How to complete this task — Lower down are entries containing pictures. Copy exactly, without those pictures, the lines from the line with "RAISED RIVER COTTAGE" through the line with "Il treno-trasporto, comandato".

-- Data extract follows --

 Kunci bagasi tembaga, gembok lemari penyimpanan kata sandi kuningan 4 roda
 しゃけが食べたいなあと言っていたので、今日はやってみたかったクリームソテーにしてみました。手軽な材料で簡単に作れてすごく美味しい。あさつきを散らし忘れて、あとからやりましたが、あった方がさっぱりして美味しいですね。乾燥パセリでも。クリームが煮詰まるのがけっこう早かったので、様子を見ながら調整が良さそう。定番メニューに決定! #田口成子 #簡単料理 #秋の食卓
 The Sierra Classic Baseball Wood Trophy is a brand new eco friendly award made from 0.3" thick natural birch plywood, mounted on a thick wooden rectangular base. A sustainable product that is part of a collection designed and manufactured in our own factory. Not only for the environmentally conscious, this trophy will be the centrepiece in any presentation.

-- Data extract concluded --
-- Data extract follows --

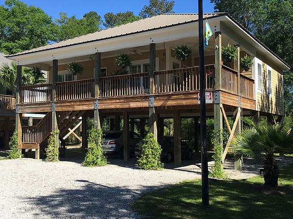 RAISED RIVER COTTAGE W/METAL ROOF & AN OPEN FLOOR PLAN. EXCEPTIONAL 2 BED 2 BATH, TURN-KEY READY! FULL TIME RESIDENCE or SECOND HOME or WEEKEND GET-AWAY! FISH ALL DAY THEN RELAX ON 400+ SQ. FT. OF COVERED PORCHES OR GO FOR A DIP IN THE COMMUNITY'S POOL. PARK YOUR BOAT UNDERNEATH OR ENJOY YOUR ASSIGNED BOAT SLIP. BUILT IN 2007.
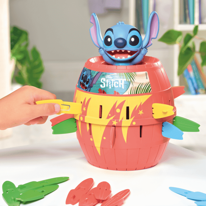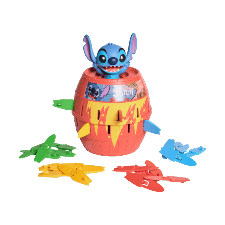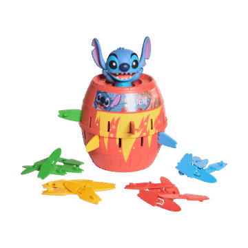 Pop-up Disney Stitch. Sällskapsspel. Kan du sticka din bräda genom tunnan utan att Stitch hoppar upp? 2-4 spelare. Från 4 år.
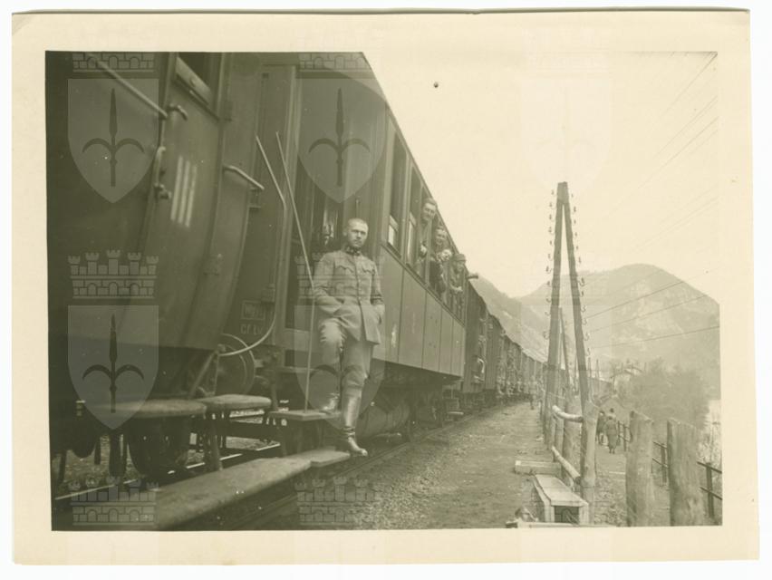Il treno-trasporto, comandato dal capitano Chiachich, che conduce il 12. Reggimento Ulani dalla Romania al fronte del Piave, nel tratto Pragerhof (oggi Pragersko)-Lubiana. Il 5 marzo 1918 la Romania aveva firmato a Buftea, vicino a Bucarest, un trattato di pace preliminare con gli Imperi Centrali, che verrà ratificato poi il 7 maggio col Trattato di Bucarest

-- Data extract concluded --
-- Data extract follows --

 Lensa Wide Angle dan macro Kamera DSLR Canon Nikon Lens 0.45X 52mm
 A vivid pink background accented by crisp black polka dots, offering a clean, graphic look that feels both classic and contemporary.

-- Data extract concluded --

Answer space —
 RAISED RIVER COTTAGE W/METAL ROOF & AN OPEN FLOOR PLAN. EXCEPTIONAL 2 BED 2 BATH, TURN-KEY READY! FULL TIME RESIDENCE or SECOND HOME or WEEKEND GET-AWAY! FISH ALL DAY THEN RELAX ON 400+ SQ. FT. OF COVERED PORCHES OR GO FOR A DIP IN THE COMMUNITY'S POOL. PARK YOUR BOAT UNDERNEATH OR ENJOY YOUR ASSIGNED BOAT SLIP. BUILT IN 2007.
 Pop-up Disney Stitch. Sällskapsspel. Kan du sticka din bräda genom tunnan utan att Stitch hoppar upp? 2-4 spelare. Från 4 år.
Il treno-trasporto, comandato dal capitano Chiachich, che conduce il 12. Reggimento Ulani dalla Romania al fronte del Piave, nel tratto Pragerhof (oggi Pragersko)-Lubiana. Il 5 marzo 1918 la Romania aveva firmato a Buftea, vicino a Bucarest, un trattato di pace preliminare con gli Imperi Centrali, che verrà ratificato poi il 7 maggio col Trattato di Bucarest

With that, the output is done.